Here we have the standard ‘the government must have a reason even if they aren’t telling us, and that’s fine by me.’ The trust displayed here in a judicial and executive branch that have done nothing to justify it is touching.

And this statement by the Obama Administration is equally risible:

The information acquired does not include the content of any communications or the name of any subscriber.  It relates exclusively to metadata, such as a telephone number or the length of a call.

Why is this not even remotely comforting?

Glenn Greenwald on Civil Liberties and Their Willing Surrender

Today, at Brooklyn College, Glenn Greenwald delivered the 39th Samuel J. Konefsky Memorial Lecture. I was lucky enough to be in attendance and thoroughly enjoyed watching this top-notch muckraker and gadfly in action. I have often seen Greenwald speak on video but this was the first live presentation I have witnessed. It was everything it was promised to be: Greenwald was passionate, precise and polemical. The title of his talk was ‘Civil Liberties and Endless War in the Age of Obama’ and so, appropriately, Greenwald began by offering a definition of ‘civil liberties‘: a set of absolute, unconditional constraints on governmental and state power, ones defined and defended by the people. These should be so stark and clear that no abridgments should be possible or tolerated; those who suggest or support these show themselves to not possess a true understanding of the concept.

With this uncompromising bottom line clearly articulated, Greenwald then presented a tripartite analysis of why, despite the presence of the US Constitution and its Bill of Rights, the state of civil liberties in the US today appears to be quite as problematic as it is and why the US populace has so easily acquiesced to this denial of their constitutional privileges.

First, the US has been since 2001, in a state of ‘perpetual war’, against poorly defined enemies, with no geographic or temporal limitation. This war ensures the endless invocation of natural security as a reason for the attenuation and abuse of civil liberties, whether it be surveillance, indefinite detention without trial, or the assassination of American citizens without trial. The lessons of history have been learned well by the administrations that have held power in the US over the past dozen years: war provides refuge for roguish government behavior of all kinds, and nothing quite prepares a populace for the surrender of civil liberties like the threat of an enemy, one whose threat can only be repelled by increasing the powers a state commands.

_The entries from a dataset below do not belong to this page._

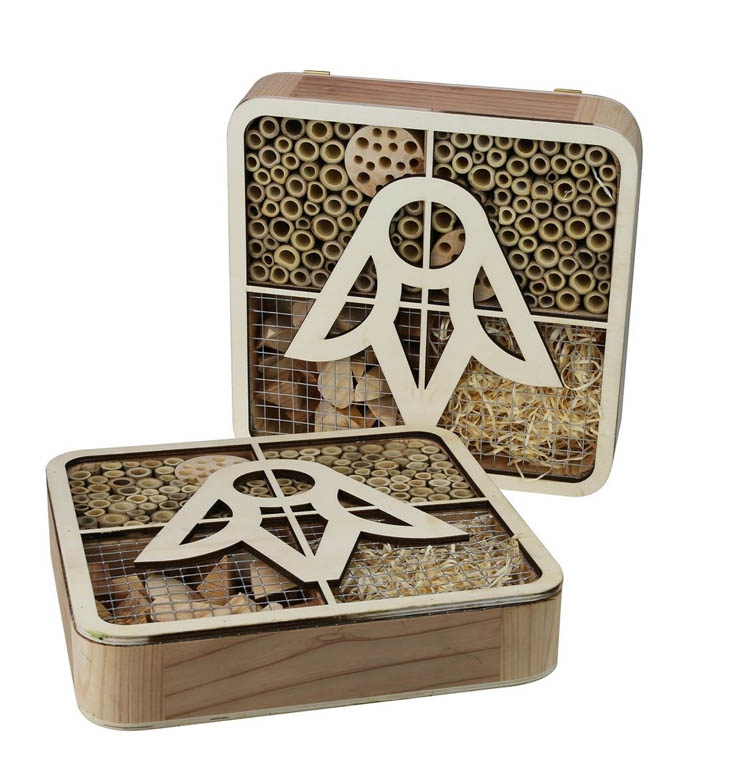 Denn Ihr Logo als individuelles Holz-Cover bildet die Front der Insektenherberge. Mit dem Logo-Insektenhotel helfen Sie aktiv, die Artenvielfalt in Ihrer unmittelbaren Umgebung zu erhalten und setzen gleichzeitig ein deutliches Statement für die CSR Ihres Unternehmens. Inklusive individuellem Front-Cover aus zertifiziertem Birkenholz in Form Ihres Logos.
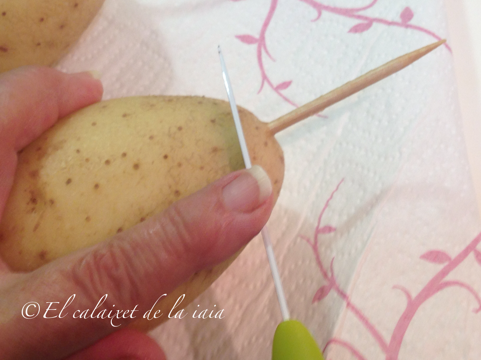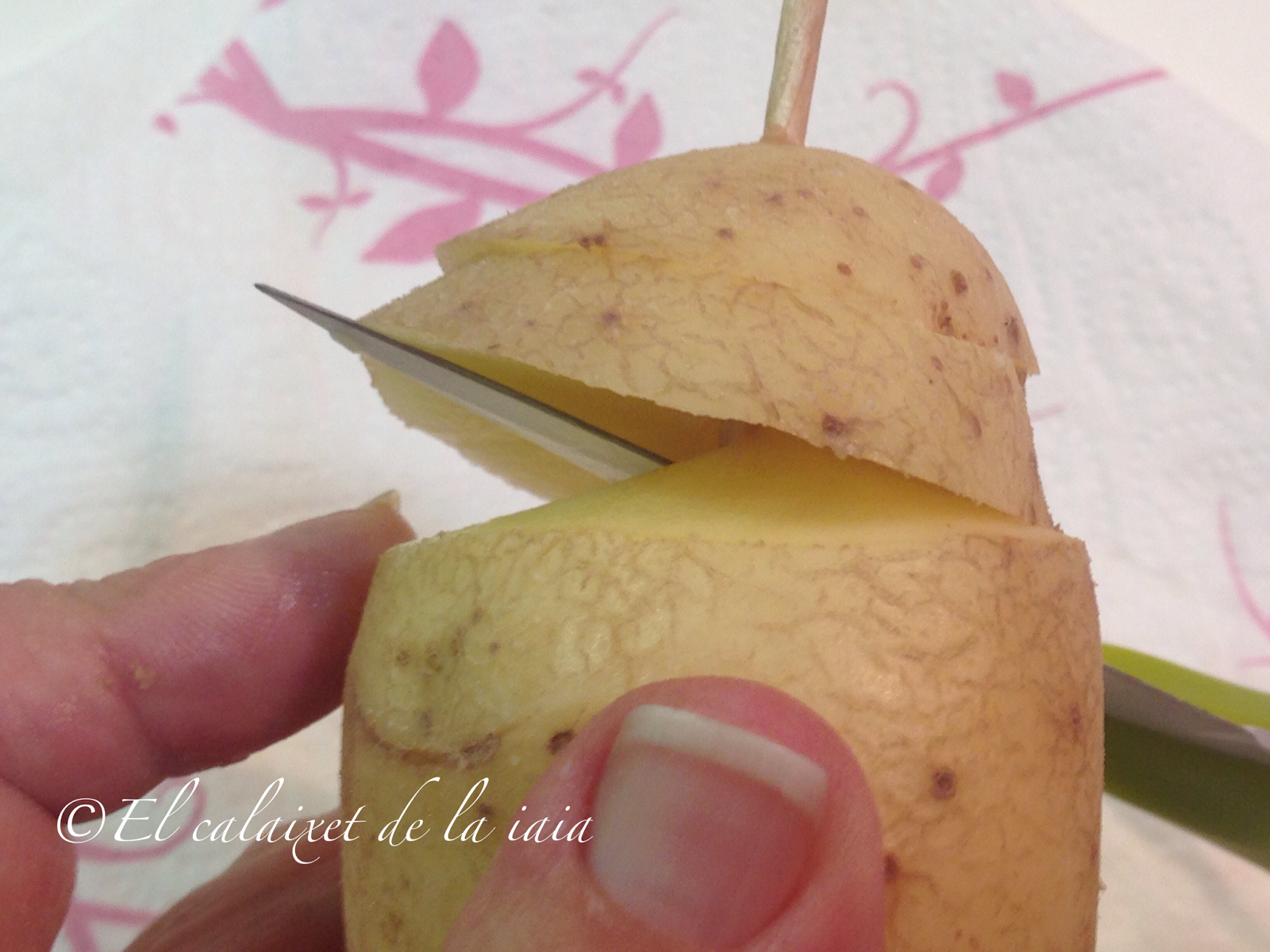sin despegar el filo del palillo con el fin de cortar la patata circularmente hasta la parte de abajo
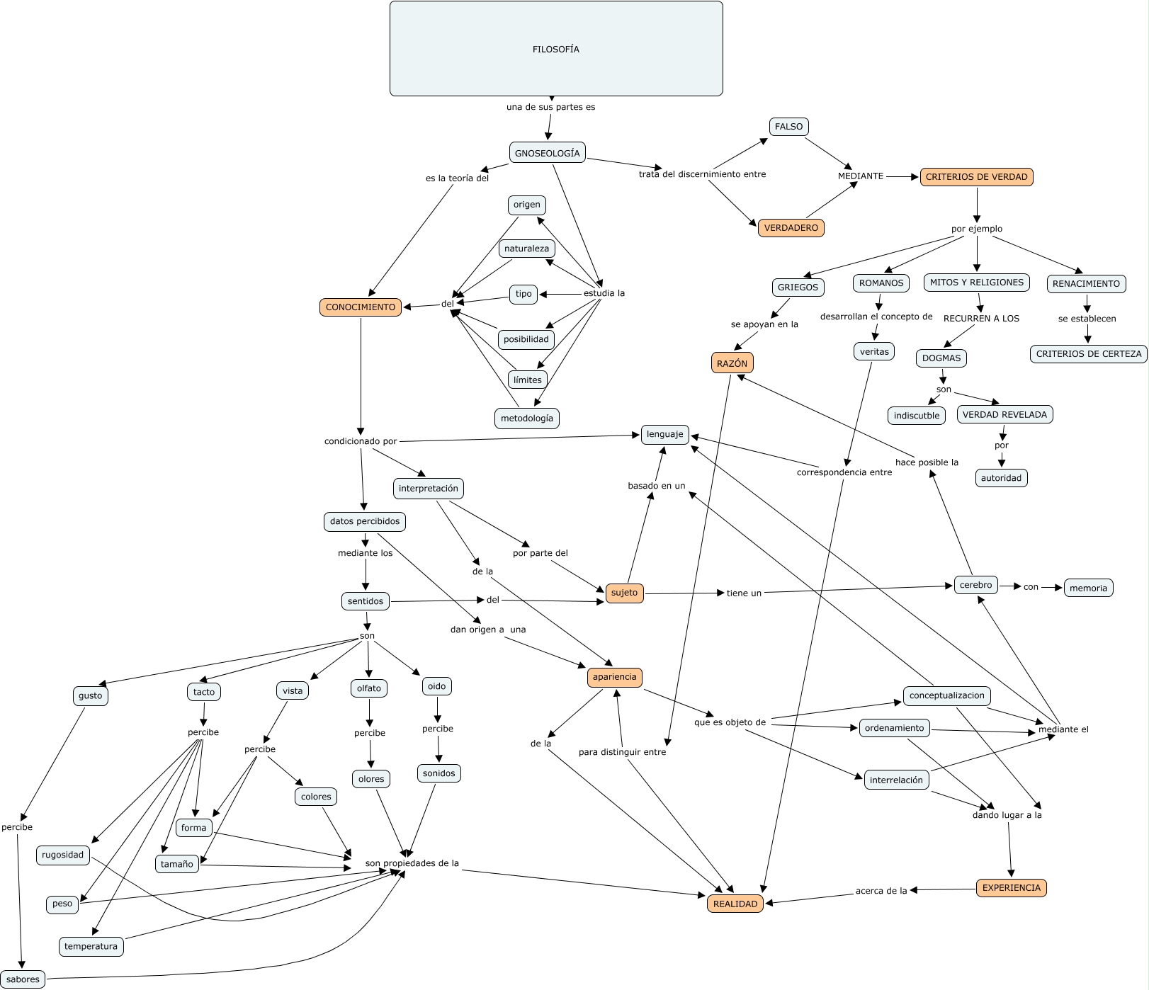 Este Cmap, tiene información relacionada con: GNOSEOLOGÍA, sujeto tiene un cerebro, conceptualizacion mediante el cerebro, interrelación mediante el lenguaje, GNOSEOLOGÍA estudia la posibilidad, sujeto basado en un lenguaje, GRIEGOS se apoyan en la RAZÓN, oido percibe sonidos, ordenamiento mediante el lenguaje, conceptualizacion dando lugar a la EXPERIENCIA, conceptualizacion basado en un lenguaje, tipo del CONOCIMIENTO, sentidos del sujeto, apariencia que es objeto de interrelación, RAZÓN para distinguir entre REALIDAD, sentidos son gusto, GNOSEOLOGÍA estudia la naturaleza, FALSO MEDIANTE CRITERIOS DE VERDAD, veritas correspondencia entre lenguaje, ordenamiento dando lugar a la EXPERIENCIA, GNOSEOLOGÍA estudia la tipo
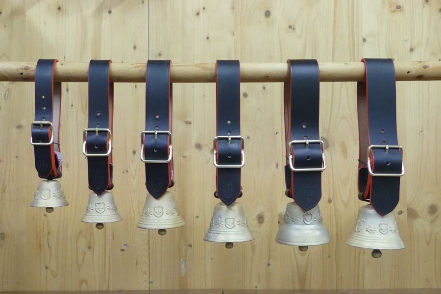 Glocke Nr 6.5:            Durchmesser 6.5 cm, Riemen 3 cm breit Schwarz mit Roter Kante, Schnalle Oro eingenietet
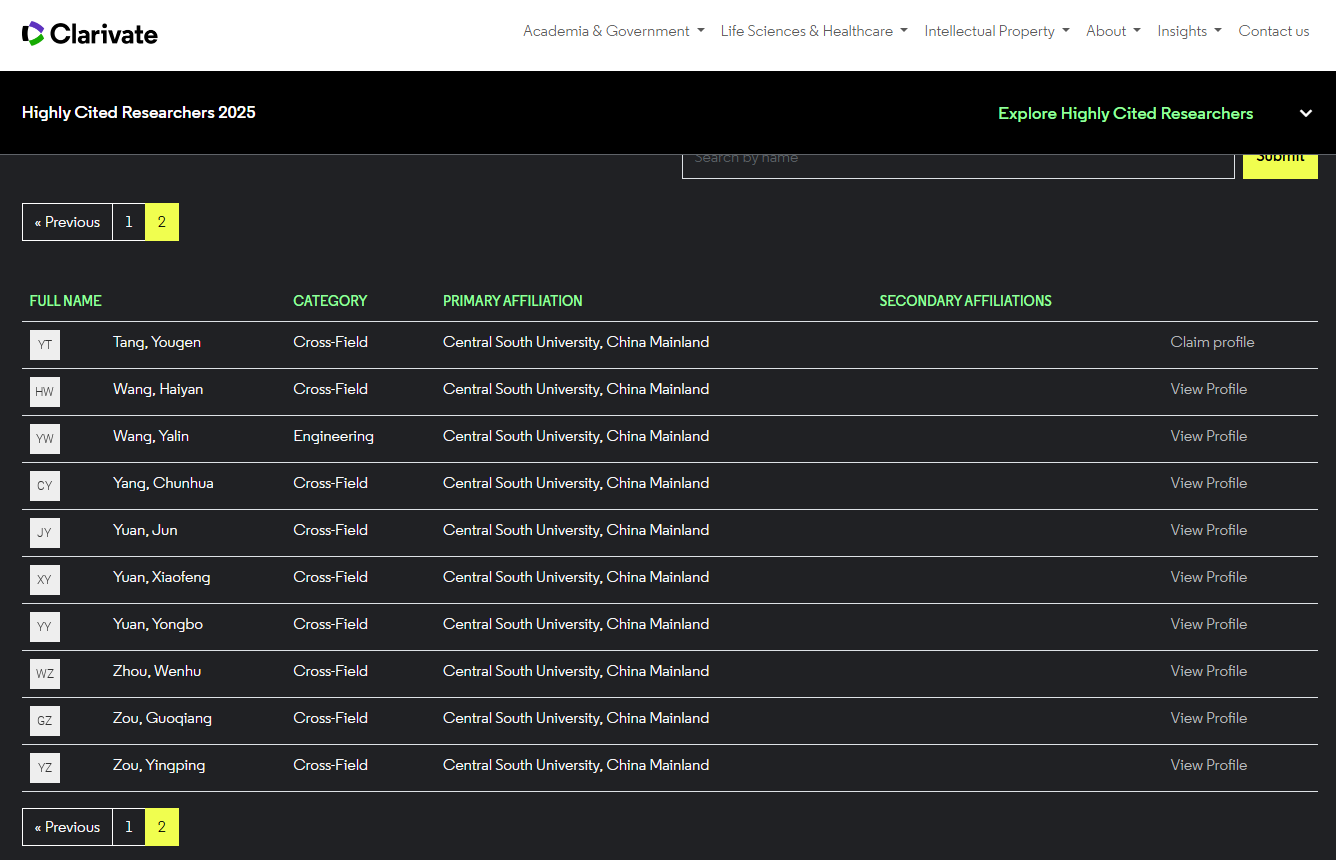 科睿唯安2025全球高被引科学家名单揭晓 中南大学化学电源湖南省重点实验室5人入榜

Second, the surrender of civil liberties is made more palatable when their abuse by the state appears to be directed against a demonized minority. The gullible majority, convinced that these systematic corruptions of the Bill of Rights remain confined to just this hapless lot, and convinced that their liberties are being protected as a consequence, gladly sign on and form cheering squads, unaware that soon the baleful eye of the powers-that-be will be turned upon them. In the American context  Muslim-Americans have borne the brunt of the the post-911 ravishing of the Bill of Rights. There is little sympathy for them in most parts of the American polity, but the damage done to what is considered ‘normal’ is real enough. Our civil liberties were, and are, next.

Third, yesterday’s ‘extreme’ or ‘radical’ is today’s normal. When the Patriot Act was first passed, it provoked vigorous debate and contestation even in a country still traumatized by 9/11. Its renewals have provoked little debate and attention. We live in a post-Patriot Act US. Its draconian provisions are now the new normal. In this context, I’d like to note once again, the seemingly-useless but very-effective-in-getting-citizens-used-to-the-idea-of-random-searches subway searches in New York City.

Greenwald spoke on a great deal more, including, most importantly, how concerted, determined, political activism by the citizenry still remains, the only and best way to safeguard and preserve the Bill of Rights.

My brief notes above are merely a sampler; catch him at a speaking venue near you if you can.